是夜,天色沉沉。
裹着寒气的夜雨敲打着书房的雕花窗棂,远处的天际时不时的滚过几道闷雷,显然老天还未有停歇的意思。
“让府中的马车分开陆续出城,途中不许有任何停留,一旦遇阻,不必留下活口。”
“属下明白,誓死保护夫人平安抵达安县。
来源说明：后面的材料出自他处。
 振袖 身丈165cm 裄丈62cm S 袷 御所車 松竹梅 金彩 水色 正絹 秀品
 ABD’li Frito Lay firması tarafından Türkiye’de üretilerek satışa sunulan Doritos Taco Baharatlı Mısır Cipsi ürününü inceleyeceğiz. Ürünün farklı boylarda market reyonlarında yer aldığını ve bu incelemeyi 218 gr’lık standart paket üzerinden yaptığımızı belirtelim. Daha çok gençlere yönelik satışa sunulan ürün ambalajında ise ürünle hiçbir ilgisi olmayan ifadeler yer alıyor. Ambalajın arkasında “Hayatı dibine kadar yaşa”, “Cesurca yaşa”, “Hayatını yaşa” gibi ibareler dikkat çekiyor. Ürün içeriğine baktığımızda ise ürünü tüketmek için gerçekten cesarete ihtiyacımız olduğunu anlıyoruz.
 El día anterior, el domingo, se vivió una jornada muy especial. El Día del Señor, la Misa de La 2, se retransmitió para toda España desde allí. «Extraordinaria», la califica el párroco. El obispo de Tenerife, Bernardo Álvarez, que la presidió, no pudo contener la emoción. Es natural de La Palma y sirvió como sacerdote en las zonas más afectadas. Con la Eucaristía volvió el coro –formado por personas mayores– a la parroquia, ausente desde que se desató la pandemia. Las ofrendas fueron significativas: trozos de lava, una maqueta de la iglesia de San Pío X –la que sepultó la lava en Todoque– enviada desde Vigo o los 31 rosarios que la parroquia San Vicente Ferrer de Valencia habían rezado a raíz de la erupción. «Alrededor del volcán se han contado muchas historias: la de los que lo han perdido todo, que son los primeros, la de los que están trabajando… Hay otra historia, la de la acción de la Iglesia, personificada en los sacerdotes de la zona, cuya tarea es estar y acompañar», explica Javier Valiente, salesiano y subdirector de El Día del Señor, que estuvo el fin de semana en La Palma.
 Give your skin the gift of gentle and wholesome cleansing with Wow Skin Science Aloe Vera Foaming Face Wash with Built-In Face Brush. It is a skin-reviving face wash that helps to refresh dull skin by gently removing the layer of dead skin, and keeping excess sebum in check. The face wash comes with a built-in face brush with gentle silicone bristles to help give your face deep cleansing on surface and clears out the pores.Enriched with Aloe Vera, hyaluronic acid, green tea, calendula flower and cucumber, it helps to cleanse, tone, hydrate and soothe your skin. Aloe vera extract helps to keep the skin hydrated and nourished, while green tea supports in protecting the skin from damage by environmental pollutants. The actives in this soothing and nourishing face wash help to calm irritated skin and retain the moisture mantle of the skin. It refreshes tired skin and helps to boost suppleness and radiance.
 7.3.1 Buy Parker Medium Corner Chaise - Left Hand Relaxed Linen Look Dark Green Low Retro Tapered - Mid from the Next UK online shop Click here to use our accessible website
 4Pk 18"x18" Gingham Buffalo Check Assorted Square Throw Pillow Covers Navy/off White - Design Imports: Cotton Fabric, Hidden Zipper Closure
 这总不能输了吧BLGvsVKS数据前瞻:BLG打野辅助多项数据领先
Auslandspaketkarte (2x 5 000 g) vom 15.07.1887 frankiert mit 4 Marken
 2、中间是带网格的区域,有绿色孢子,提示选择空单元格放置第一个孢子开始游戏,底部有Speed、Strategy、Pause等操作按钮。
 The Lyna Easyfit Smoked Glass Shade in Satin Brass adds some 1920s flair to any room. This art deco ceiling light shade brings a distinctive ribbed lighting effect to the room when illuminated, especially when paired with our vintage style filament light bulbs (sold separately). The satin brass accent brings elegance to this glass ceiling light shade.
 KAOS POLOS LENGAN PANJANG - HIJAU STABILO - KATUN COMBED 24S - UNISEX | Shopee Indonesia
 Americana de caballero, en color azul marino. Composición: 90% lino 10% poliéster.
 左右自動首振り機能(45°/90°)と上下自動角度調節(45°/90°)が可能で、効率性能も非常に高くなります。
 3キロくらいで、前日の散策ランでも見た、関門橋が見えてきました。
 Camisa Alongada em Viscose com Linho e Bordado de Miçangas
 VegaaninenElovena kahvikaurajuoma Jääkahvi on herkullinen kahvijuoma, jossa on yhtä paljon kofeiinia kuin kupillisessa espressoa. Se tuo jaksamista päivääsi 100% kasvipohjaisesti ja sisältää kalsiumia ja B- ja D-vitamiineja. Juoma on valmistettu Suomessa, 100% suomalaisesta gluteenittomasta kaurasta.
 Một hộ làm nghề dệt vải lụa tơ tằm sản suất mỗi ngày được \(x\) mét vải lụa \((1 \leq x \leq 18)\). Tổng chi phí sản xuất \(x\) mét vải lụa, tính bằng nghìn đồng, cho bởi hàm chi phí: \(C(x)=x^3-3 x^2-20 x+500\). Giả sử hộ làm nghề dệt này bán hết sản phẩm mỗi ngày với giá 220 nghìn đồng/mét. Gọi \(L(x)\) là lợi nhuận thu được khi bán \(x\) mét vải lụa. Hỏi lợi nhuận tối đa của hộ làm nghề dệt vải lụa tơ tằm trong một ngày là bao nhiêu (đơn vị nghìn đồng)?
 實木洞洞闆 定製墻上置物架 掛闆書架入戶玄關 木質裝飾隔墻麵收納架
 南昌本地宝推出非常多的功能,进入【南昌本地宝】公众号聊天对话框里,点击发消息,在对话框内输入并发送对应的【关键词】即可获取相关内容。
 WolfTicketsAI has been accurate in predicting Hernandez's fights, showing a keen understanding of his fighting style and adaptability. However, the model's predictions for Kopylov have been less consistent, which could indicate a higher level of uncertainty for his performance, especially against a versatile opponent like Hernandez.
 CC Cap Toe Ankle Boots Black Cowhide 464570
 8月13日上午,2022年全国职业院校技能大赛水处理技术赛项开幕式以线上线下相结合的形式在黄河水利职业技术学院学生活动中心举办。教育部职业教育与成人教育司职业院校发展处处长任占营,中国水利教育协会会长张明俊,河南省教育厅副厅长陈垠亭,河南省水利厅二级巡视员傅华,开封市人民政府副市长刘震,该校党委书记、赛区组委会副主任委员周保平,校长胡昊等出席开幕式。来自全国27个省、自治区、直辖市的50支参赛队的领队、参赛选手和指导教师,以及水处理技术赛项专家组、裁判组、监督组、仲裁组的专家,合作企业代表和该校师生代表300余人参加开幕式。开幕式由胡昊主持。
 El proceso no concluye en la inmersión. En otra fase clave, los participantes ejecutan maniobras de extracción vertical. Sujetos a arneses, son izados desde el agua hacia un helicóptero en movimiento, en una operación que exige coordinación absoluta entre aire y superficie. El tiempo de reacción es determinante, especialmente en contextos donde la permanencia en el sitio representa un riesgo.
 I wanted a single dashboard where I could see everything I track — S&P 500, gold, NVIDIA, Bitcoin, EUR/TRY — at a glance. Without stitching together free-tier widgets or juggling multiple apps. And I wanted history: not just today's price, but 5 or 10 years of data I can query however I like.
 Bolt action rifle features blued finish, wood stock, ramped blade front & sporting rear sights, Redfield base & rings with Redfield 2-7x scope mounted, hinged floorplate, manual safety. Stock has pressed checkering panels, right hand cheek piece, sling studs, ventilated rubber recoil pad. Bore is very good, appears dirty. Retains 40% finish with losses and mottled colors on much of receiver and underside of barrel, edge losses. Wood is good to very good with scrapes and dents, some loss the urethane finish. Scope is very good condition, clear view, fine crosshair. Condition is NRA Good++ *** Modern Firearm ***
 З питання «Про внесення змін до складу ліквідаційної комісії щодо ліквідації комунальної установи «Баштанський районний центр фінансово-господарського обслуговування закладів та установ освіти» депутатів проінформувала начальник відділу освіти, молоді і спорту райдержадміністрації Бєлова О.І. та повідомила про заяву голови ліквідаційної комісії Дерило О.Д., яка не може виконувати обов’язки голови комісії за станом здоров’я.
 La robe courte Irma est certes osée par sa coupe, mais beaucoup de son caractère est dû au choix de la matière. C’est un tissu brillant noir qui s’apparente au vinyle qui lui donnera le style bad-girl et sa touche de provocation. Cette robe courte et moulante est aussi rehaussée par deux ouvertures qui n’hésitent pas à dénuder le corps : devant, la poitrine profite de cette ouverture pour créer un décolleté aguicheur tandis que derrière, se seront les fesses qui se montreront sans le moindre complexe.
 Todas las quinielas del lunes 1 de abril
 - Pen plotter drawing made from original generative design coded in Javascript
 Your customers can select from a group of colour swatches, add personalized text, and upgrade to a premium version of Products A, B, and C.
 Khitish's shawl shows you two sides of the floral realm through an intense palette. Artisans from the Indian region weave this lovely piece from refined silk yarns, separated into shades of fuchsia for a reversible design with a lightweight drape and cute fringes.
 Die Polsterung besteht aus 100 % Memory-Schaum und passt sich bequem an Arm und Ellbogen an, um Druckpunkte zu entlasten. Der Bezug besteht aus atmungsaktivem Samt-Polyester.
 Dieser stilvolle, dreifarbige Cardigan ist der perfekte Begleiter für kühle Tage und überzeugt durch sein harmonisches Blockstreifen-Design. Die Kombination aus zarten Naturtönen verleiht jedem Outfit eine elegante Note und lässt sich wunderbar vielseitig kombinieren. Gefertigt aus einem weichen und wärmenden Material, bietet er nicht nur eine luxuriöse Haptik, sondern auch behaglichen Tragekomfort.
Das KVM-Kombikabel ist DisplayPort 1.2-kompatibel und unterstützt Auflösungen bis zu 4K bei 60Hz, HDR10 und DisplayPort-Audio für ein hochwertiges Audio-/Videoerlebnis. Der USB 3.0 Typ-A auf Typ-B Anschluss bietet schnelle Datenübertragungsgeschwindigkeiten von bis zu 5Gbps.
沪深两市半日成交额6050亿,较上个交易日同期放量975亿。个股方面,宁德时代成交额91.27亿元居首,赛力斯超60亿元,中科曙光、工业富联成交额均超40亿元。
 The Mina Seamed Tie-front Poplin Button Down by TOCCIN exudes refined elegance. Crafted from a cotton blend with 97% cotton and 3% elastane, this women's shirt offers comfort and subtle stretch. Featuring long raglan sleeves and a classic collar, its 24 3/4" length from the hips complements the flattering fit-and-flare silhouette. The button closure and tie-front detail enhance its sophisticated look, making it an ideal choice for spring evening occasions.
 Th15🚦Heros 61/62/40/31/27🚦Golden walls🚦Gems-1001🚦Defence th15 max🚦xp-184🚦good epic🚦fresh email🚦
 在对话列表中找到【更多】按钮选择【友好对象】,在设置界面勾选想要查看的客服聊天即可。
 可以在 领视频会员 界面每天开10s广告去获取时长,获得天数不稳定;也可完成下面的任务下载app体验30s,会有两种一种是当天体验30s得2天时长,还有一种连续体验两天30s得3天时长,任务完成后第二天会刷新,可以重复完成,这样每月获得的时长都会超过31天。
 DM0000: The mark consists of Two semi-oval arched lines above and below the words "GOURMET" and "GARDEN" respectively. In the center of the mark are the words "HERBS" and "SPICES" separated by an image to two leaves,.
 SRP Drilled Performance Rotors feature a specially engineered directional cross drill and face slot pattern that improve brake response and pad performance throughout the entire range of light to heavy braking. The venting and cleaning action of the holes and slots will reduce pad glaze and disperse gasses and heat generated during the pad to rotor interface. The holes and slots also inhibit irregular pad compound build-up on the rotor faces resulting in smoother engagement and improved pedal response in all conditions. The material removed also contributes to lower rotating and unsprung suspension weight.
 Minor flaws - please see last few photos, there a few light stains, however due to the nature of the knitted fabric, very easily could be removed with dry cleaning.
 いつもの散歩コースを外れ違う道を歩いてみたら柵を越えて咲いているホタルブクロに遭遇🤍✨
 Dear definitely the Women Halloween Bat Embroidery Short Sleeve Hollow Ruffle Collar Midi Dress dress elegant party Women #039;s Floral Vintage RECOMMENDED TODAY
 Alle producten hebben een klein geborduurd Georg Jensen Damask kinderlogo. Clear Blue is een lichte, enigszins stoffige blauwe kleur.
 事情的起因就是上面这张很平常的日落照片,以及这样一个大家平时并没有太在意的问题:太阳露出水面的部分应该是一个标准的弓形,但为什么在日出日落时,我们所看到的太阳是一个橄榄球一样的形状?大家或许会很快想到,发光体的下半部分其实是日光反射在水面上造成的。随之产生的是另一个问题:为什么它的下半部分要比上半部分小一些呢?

”
烛火在案头跳动,裴寂安排着将姜卿宁送出京城的各项事宜,不容有一丝马虎。
他将姜卿宁安排在安县,出城之后便只有半个时辰的车程。
可即便如此,这半个时辰仍有太多未知的风险,安阳已经料定他一定会把人送走。
以她性子,向来都是不达目的不罢休。
裴寂又低声吩咐了几句,这才让暗卫下去。
他目光落在桌上的和离书,眸色深沉。
他和姜卿宁说送她离开京城时,姜卿宁就哭得那般厉害。
若是叫再她看见这份和离书……
裴寂掌心收拢,手背上的青筋暴显,将那和离书捏成破碎的纸团,也不解他心头的一丝怒气。
安阳给他和离书,不仅是为了她的“名正言顺”,还是要他以此作为投诚。
要他与姜卿宁和离,不可能!
他也绝不会娶安阳,只不过如今,他还需要一点时间。
“裴七。”
裴七已在一旁待命。
“你混进宫中一趟,让那些人可以开始收网了。”
“是。”
主上还是为了夫人做到了这一步……
裴七应下,他知道这意味着什么。
裴寂将手中的纸团凑到烛火边。
火星舔上纸角时,橘红色的火焰瞬间蔓延。
他垂着眼,任由火光烤得指腹发烫,却连指尖都没动一下。
火光清晰的映在他眸底,照映出身为权谋者时独有的清醒与冷厉。
这些年安阳能在延帝的后宫谋害子嗣,也有他在暗中推波助澜。